В этом году история Председателя советских профсоюзов М. П. Томского явилась нашем читателям в новом издании. Преобразилась структура текста, роман обрёл интригующее название. Иллюстрации к «Пляске смерти Председателя Томского» были созданы одним из авторов, Александром Киреевым. О литературном сотворчестве, новом издании и историческом контексте — в интервью авторов книги: Олега Новокщёнова, Дмитрия Горшечникова и Александра Киреева.
Трио писателей — редкое явление. Вы выпускаете уже вторую книгу (первой был роман «Архив барона Унгерна»). Как вам удаётся продуктивно работать втроём?

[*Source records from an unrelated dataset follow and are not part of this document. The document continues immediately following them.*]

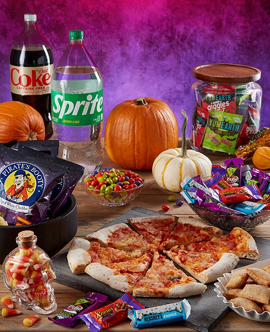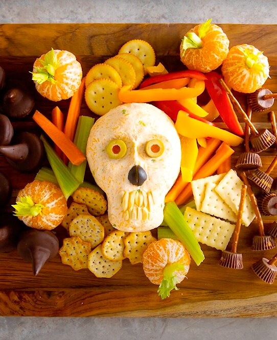 View allLittle ghosts and goblins will love this grazing board that's all dressed up for Halloween. Here's what you'll need to build one for your party: 1) Make clementine "pumpkins" by putting celery sticks in the center of the the peeled fruits. 2) Create mini brooms by inserting pretzel sticks into peanut butter cups. 3) Assemble witch hats by stacking a cone-shaped corn chip on a sandwich cookie. Coat in melted chocolate to set in place. 4) Sculpt a skull-shaped cheese ball out of a mix of cream cheese, shredded cheddar, and scallions. Make a face using olives and nuts. Add crackers and crudités for dipping. 5) Arrange everything on your board. Watch the video to see it in action!
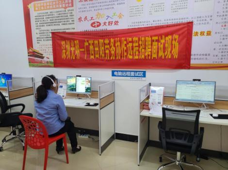 近日,一场2022年“春暖光明”深圳光明—广西田阳劳务协作远程视频招聘会,吸引了田阳区各乡镇的不少群众到田阳区老乡家园农事城办劳务协作服务站参加视频面试,通过线上视频的形式开展面对面、零距离交流,并与企业达成就业意向。
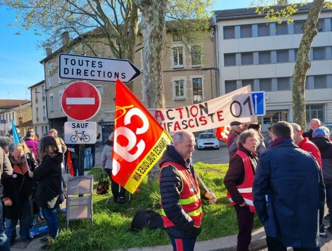 Une cinquantaine de personnes (militants syndicaux, des partis de gauche et du comité antifasciste de l’Ain) se sont rassemblés depuis huit heures , mercredi 26 avril 2023, devant le commissariat de Bourg-en-Bresse. Ils sont venus apporter leur soutien à cinq de leurs camarades convoqués par la police.
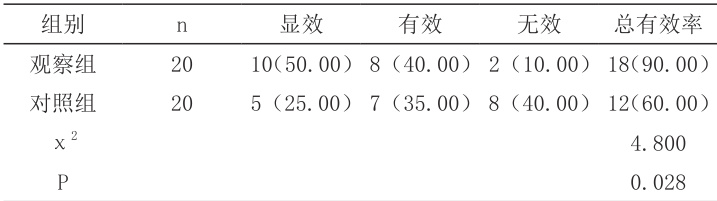 (3)临床疗效。患者经由治疗后,呼吸困难症状显著缓解,血氧分压提高 30%,血二氧化碳分压降低超过30%,维持正常呼吸频率,为显效。经由治疗后,呼吸困难程度减轻,血气指标改善超过 15%,低于 30%,呼吸频率好转,为有效。与以上条件不符合,甚至病情恶化,为无效。显效率+ 有效率= 总有效率。
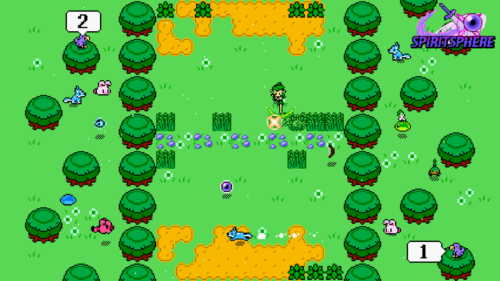 SpiritSphere is a local multiplayer game with graphics and concepts similar to those found in early games like Zelda and Windjammers. The unique concept of SpiritSphere captures the essence of classic games while delivering the gameplay of early air hockey games typically found at the arcade.
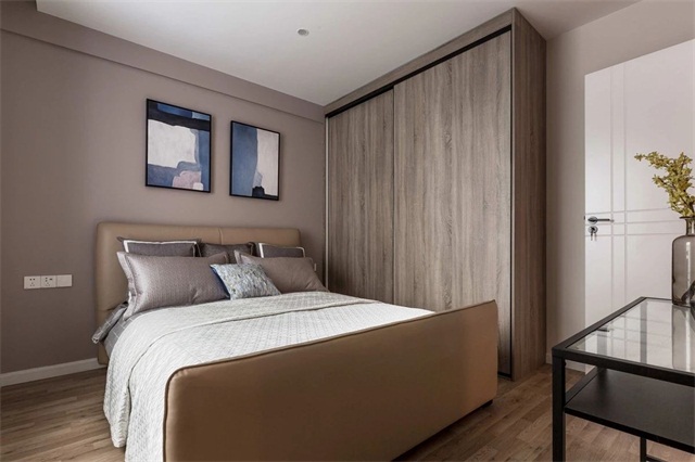 設(shè)計(jì)師選擇推拉門衣柜,原因是給床與衣柜之間留出活動(dòng)的空間。
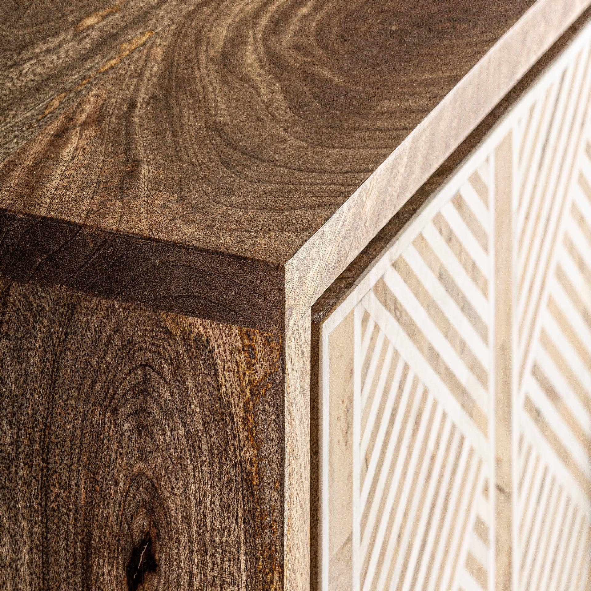 The rich natural finish highlights the organic grain patterns and textures of mango wood, bringing warmth, elegance, and earthy charm to your interior space. -
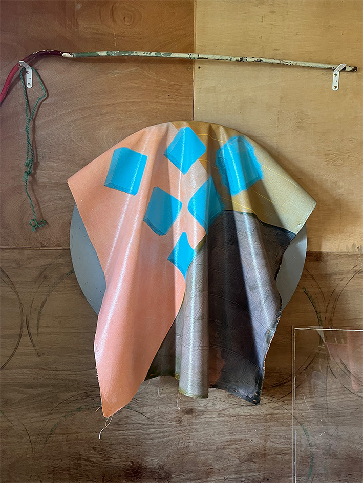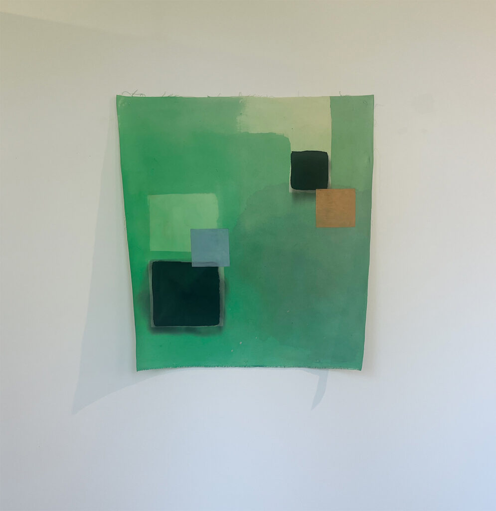 Acrylic on unstretched canvas, cardboard tube, builders twine
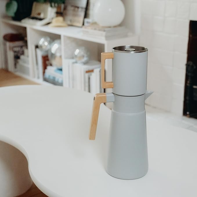 HASTINGS 68 Oz Pour Over Coffee Maker Set with Double Layer Reusable Stainless Steel Filter 8-Cup and Wood Handle - Dual Wall Heat Resistant Drip Coffee Brewer, Pour Over Coffee Dripper Carafe, Gray
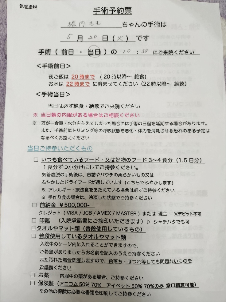 特に気管虚脱はかなり重度だということで病院ではステージⅢと判断されました。手術を勧めますと言われましたがここではできないので紹介しますと言われ気管虚脱専門の病院を紹介していただきました。
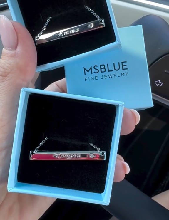 Engravable Bar Necklace with Moissanite - MSBLUE Jewelry

Олег Новокщёнов: Плюсы группового творчества очевидны, но не все способны их разглядеть. Вот, например, физик Георгий Гамов, когда в 1933-м бежал в США, предложил сотрудничество незнакомым ему физикам немцу Хансу Альбрехту Бете и голландцу Питеру Мартинесу ван Альфену. Поскольку они имели совершенно другую специализацию, то выразили недоумение и отказались. А Гамов настаивал, он говорил: «Они не понимают, какая это красота — быть авторами какого-нибудь закона, эффекта или правила, которое бы называлось именем Альфена-Бете-Гамова!»
Дмитрий Горшечников: Да, и Гамов в американских научных кругах был известен как лучший собеседник в обеденный перерыв. Все учёные во время обеда обмениваются мнениями, но пойти с Гамовым — это было что-то особенное. От него можно было в течение одного обеда услышать 3–4 совершенно новых, оригинальных физических концепции. Правда, все они были бредовыми.
Александр Киреев: Коллективное творчество — это всегда поиск путей и достижение общих целей разными способами. Так, собственно говоря, возникла куча потрясающих вещей, например квантовая механика. В 1925 году, спасаясь от сенной лихорадки, Вернер Гайзенберг уехал на отдалённый остров в Северном море. Там его однажды ночью осенило и он стал лихорадочно записывать уравнения, которые раньше не сходились, а теперь сошлись. Он был в таком восторге, что решил тут же (среди ночи в полной темноте) залезть на скалу на этом острове, которую раньше не мог покорить. В эйфории он взобрался на эту скалу и там встретил рассвет, оглашая окрестности торжествующими воплями. А в это время другой основатель квантовой механики, Эрвин Шрёдингер, устремился в Швейцарию. От него ушла жена к очередному любовнику, но Шрёдингер совершенно не расстроился, а наоборот, познакомился с молодой девицей и поехал отдыхать в альпийский отель. Там и родилось знаменитое уравнение Шрёдингера.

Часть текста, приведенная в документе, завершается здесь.